И в той степени, в какой его уединенность и самоуглубление становятся
все сосредоточеннее, значение каждой новой маскировки делается все глубже.
Истинная сущность прячется за формой выражения, внутренняя - за усвоенной
маской. Уже в "Страннике и его тени" он указывает на "маску
посредственности". "Посредственность, - говорит он, - одна из самых
счастливых масок, которую может надеть высший ум, потому что в ней толпа, т.
е. именно средние люди, не станут подозревать притворства, а между тем он
наденет ее ради самих людей, - чтобы их не раздражать, нередко даже из
сострадания и доброты". От этой маски невинности и незлобивости Ницше
доходит, варьируя формы притворства, до маски ужаса, за которой скрывается
нечто еще более ужасающее: - "иногда даже глупость делается маской рокового,
слишком уверенного в себе знания" ("По ту сторону Добра и Зла").
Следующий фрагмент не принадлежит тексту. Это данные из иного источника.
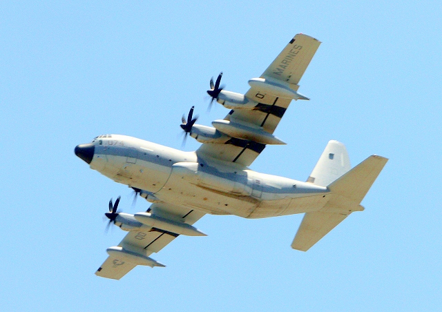 米海兵隊 KC-130J 空中給油機 スーパーハーキュリーズ(岩国基地)、QD 8074番機が旋回 |
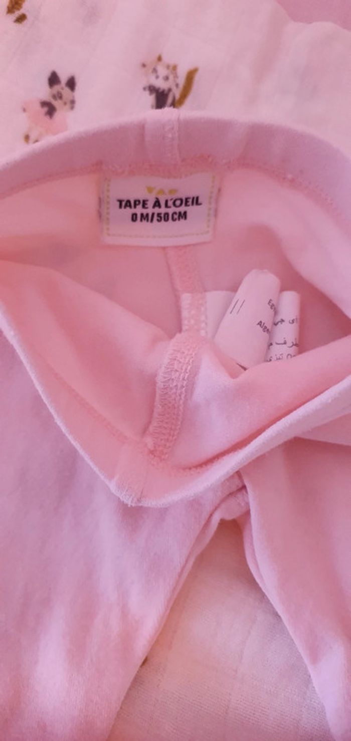 Legging de couleur rose pâle : 🌸 En coton, 🌸 Taille 0 mois / Naissance / 50 cm, 🌸 Tape à l'œil, 🌸 Neuf sans étiquette : jamais porté car erreur de taille, juste lavé pour être rangé dans l'armoire. #le0moisdenina
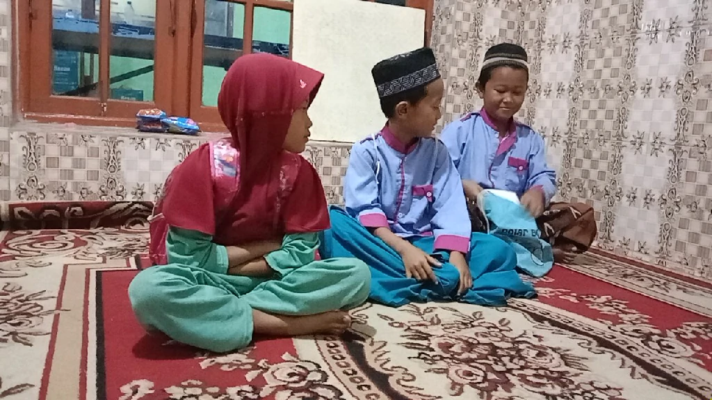 Meski hujan dan angin kencang, 3 anak tetap semangat datang ke sanggar untuk belajar.
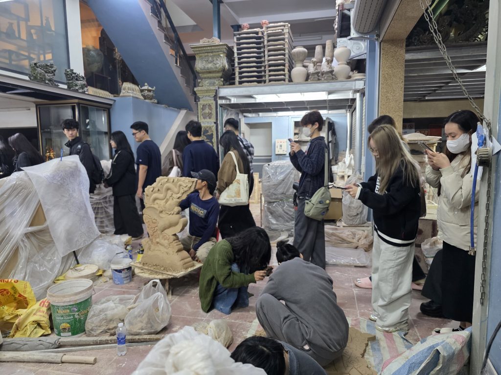 Hoạt động này giúp sinh viên không chỉ học tập kiến thức chuyên môn mà còn hiểu thêm về giá trị văn hóa – lịch sử đặc sắc của một làng nghề truyền thống nổi tiếng của Việt Nam.
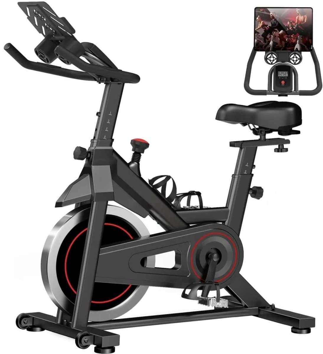 Hometrainer – Fitnessfiets – Indoor Bike – Trampolinefiets – Fietstrainer – Stil Riemaandrijving – Verstelbaar Comfortzadel – Tablet & Fleshouder – Max 136 kg
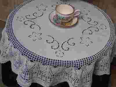 PIĘKNY BAWEŁNIANY OBRUS Z KORONKĄ HAFTAMI
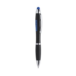Bolígrafo puntero led de mecanismo giratorio con interior iluminado con luz en variados colores, cuerpo de acabado sólido en color negro y puntero a juego con el color de la luz led. Disponible con luz led en color amarillo, azul, blanco, naranja, rojo o verde. Área de marcaje especialmente diseñada para grabación en láser y así conseguir que tu publicidad o marca quede originalmente iluminada con el color de luz que más se adapte a ella. 1 led, pilas de botón incluidas y tinta azul.
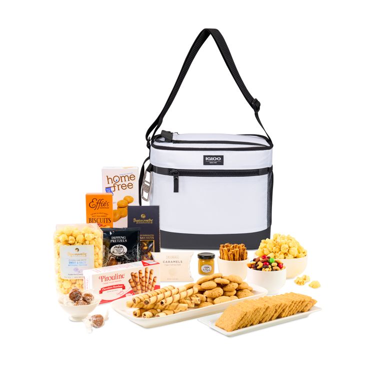 Celebrate Good Times with this stylish Igloo® Maddox Deluxe Cooler that arrives bursting with an abundant array of marvelous gourmet treats nestled inside. Cooler includes Hammonds® Sunny Day Super Snack Mix (7.5 oz), Hammonds® Sweet & Cheesy Popcorn(5 oz), Milk Bar Crunchies Pretzel-y Chocolate Chip Cookies Pouch, 88 Acres Dark Chocolate Sea Salt Seed Bar (1.6 oz), East Shore Sween N'Tangy mustard (1.5 oz) and dipping pretzels (2 oz) Food Net Weight: 1.5lbs Select a complimentary ribbon in your choice of colors: white, red, navy blue, royal blue, black, or grey (If a ribbon color is not selected, the item will come with a white ribbon) Food contents may vary from what is shown, based on available inventory a substitute of similar or greater value will be used SBN Additional decoration charges may apply.
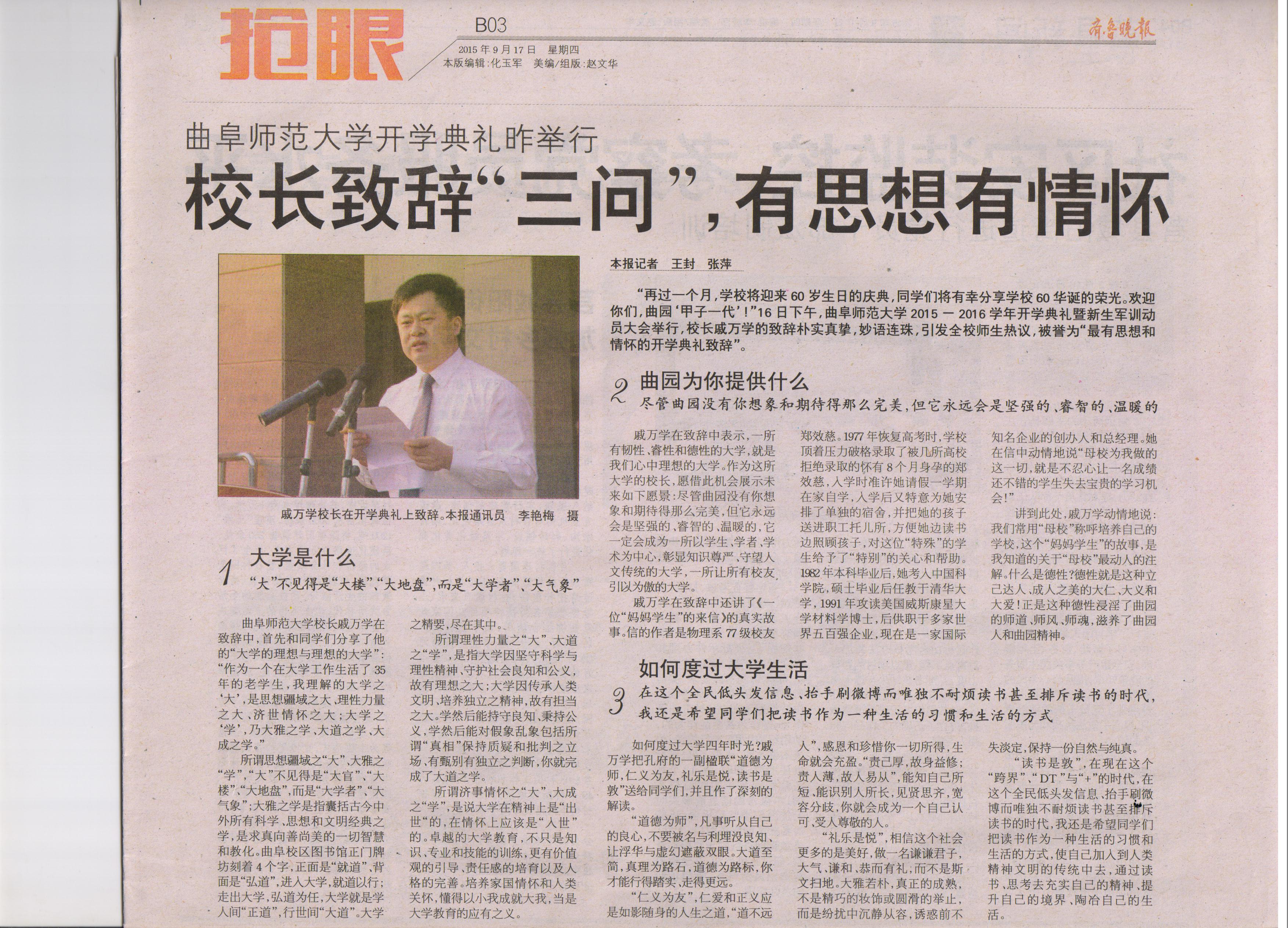 齐鲁晚报:HUANYING.COM开学典礼,戚万学校长致辞“三问”,有思想有情怀

В конце
концов он приходит к обманчивому образу богоподобно смеющегося, и в нем
стремится замаскировать скорбь красотой. Таким образом в своей философской
мистике последнего периода Ницше постепенно погружается в то последнее для
себя уединение, в ту тишину, куда мы уже не в силах последовать за ним; с
нами остаются только, как символы и указания, смеющиеся маски его идей и
толкований, в то время как сам автор уже стал для нас тем, кем он сам назвал
себя в одном из писем: "Навеки утраченный". (Письмо от 8 июля 1881 г. из
Сильс-Марии).
Чувство внутреннего уединения, одиночества составляют во всех
блужданиях Ницше неизменную раму, из которой глядит на нас его образ. Он
пишет своему другу (31 октября 1880г., Италия): "Одиночество все более
кажется мне и целительным средством, и естественной потребностью, и именно
полное одиночество. Нужно уметь достигнуть того состояния, в котором мы
можем создать лучшее, на что мы способны, и нужно принести для этого много
жертв".
* * *
Не раз мучительная жажда выздоровления приводила Ницше к новым идеям.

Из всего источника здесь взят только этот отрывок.